SEC Enforcement Staff Accessed Adjudicatory Documents in Midst of Administrative Proceedings

Securities and Exchange Commission v. Michelle Cochran

Washington, D.C., April 06, 2022 (GLOBE NEWSWIRE) -- The U.S. Securities and Exchange Commission (SEC) has disclosed that its enforcement staff accessed documents in at least two adjudicatory matters currently in litigation in federal court, including SEC v. Michelle Cochran. The New Civil Liberties Alliance represents Ms. Cochran in a lawsuit challenging the constitutionality of SEC’s in-house Administrative Law Judges (ALJs), who enjoy multiple layers of protection from removal by President Biden. In December 2021, the en banc U.S. Court of Appeals for the Fifth Circuit ruled in favor of Ms. Cochran, declaring that she has the right to challenge the constitutionality of her ALJ’s removal protections in federal court before undergoing an administrative adjudication.

SEC released a statement yesterday admitting that “administrative support personnel from Enforcement, who were responsible for maintaining Enforcement’s case files, accessed [restricted] Adjudication memoranda via the Office of the Secretary’s databases.” This self-described “control deficiency” is actually an outrageous breach of ethics—and possibly law—by SEC that illustrates why the Constitution forbids housing prosecutorial functions and adjudicatory functions in a single agency.

SEC filed in Cochran simultaneously with publishing the statement, so Ms. Cochran was not informed of SEC’s “control deficiency” when it was discovered. NCLA and Ms. Cochran were only made aware of the Commission’s breach when it was publicly disclosed. The Commission has known about this issue long enough to hire outside investigators, conduct an audit with “dozens of interviews,” and collect documents. Yet critical details, including who knew what and when, remain undisclosed. If this breach of ethics had occurred in private litigation or before a federal court, it would raise red flags. SEC claims “this access did not impact the actions taken by the staff investigating and prosecuting the cases or the Commission’s decision-making in the matters.” At present, there is no way to verify that this breach did not impact Ms. Cochran’s case. To make matters worse, SEC hired an outside firm that regularly does millions of dollars of business with the agency to investigate the scandal. Hiring a firm with a conflict of interest to investigate a conflict of interest hardly inspires confidence.

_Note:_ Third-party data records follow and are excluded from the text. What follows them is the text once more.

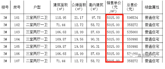 由下图可知,此次住宅备案单价最低5015元/㎡。
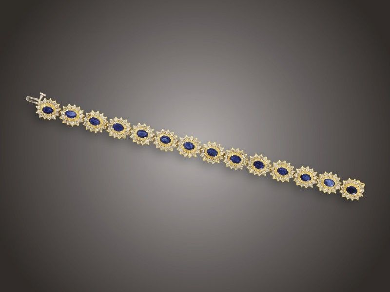 Karkötő Arany 585, 14 karmos foglalású, fazettált csiszolású zafír cca. 9,80 ct és 182 pezsgő színű briliáns cca. 5,46 ct (MYP2) ékítésű, karmazált fazonú tagok, nyelves zárral, 26,3 g, hossz: 17,5 cm
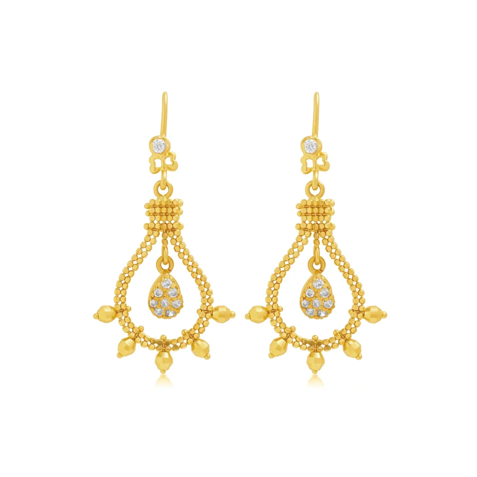 The ornate beaded pattern creates a rich, traditional silhouette, highlighted by a central stone-studded teardrop. Finished with small gold danglers for subtle motion, these earrings exude timeless cultural charm.
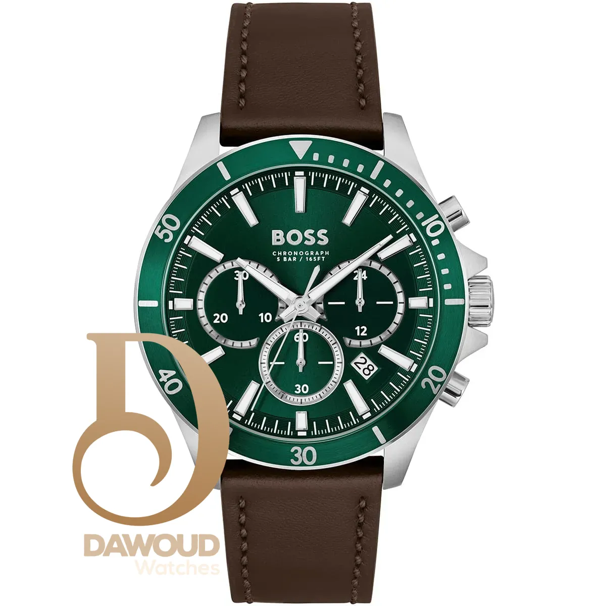 Hugo Boss watch Hugo Boss للرجال أصلية موديل 1514098 Troper لون اخضر و استيك جلد طبيعي لون بني.
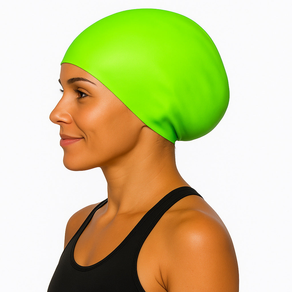 Cască de înot din silicon, copii 7+ ani / adulti, verde deschis - pentru par lung
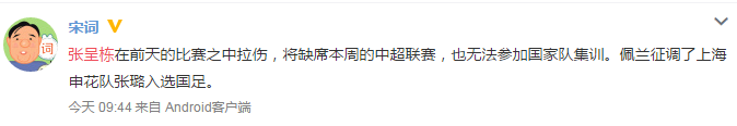17日的亚冠比赛中,张呈栋就感觉腿部不适,但由于不是很明显,没有及时检查。18日上午,张呈栋随受伤的宋博轩和赵和靖一并去检查,结果显示拉伤。
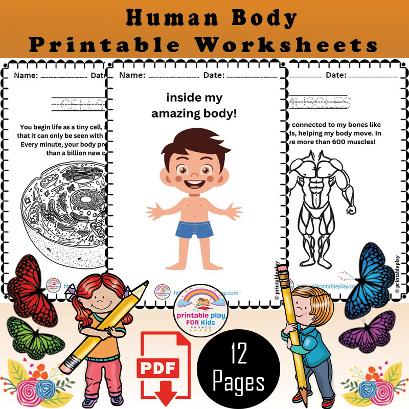 Even young kids are curious about their body and how it works. These super cute, free printable Human Body Printables readers are  no prep, pages for children to color, read, and learn about their bodies. Use these human body worksheets to teach kindergarten, first grade, 2nd grade, 3rd grade, 4th grade, 5th grade, and 6th grade students about their bodies. We’ve included human body systems worksheets pdf plus the heart,  muscles, brain, bones, stomach, bladder,  and more. This science worksheet is a fun activity about  the human body for kids. Simply print the human body worksheets pdf  and you are ready to learn!
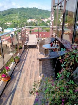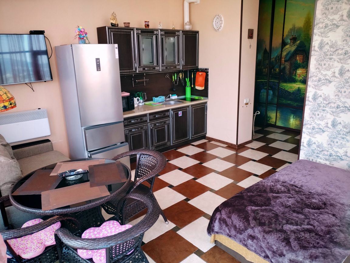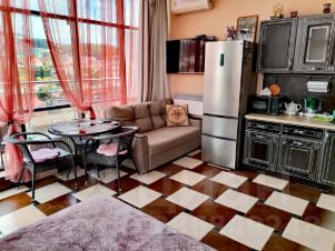 Квартира студия с видом на море. Огромная угловая лоджия с видом на море и горы, есть лежак можно загорать. Заезд от 5 суток, после 14 час, выезд до 12 час, остальное время по договоренности. В квартире есть всё необходимое для комфортного проживания и отдыха, бельё, полотенца, фен, телевизор+триколор, интернет. Под домом платная парковка. На первом этаже дома магазин Красное Белое. Недалеко магазин Магнит, Пятерочка, Перекресток, Фикс прайс, Сбербанк. Много кафе, столовых, закусочных. Недалеко Океанариум, Дельфинарий, открытый бассейн платно, парк динозавров. Рядом остановка общественного транспорта в любое направление недалеко остановка "Известия,, электропоезда Ласточка.

Restoring the “controls” that were disregarded here is not enough. As this breach has demonstrated, it would be impossible to monitor the internal controls at SEC sufficiently to guarantee that agency staff would not make the same error again. A computer correction of a purported “control deficiency” cannot repair the all-too-human impulse to abuse power, win at all costs, and share information inside an agency. Whatever controls are baked into the software, none of those can remedy the inherent problems that combining the enforcement and adjudication power inside an agency create. The two powers must be structurally separated. Until the adjudicative function is returned exclusively to Article III courts, and those courts rein in SEC’s abusive regulation by guidance and other efforts to expand their regulatory power far beyond what Congress ever contemplated under the Securities Exchange Act of 1934, constitutional order will not have been restored at the SEC.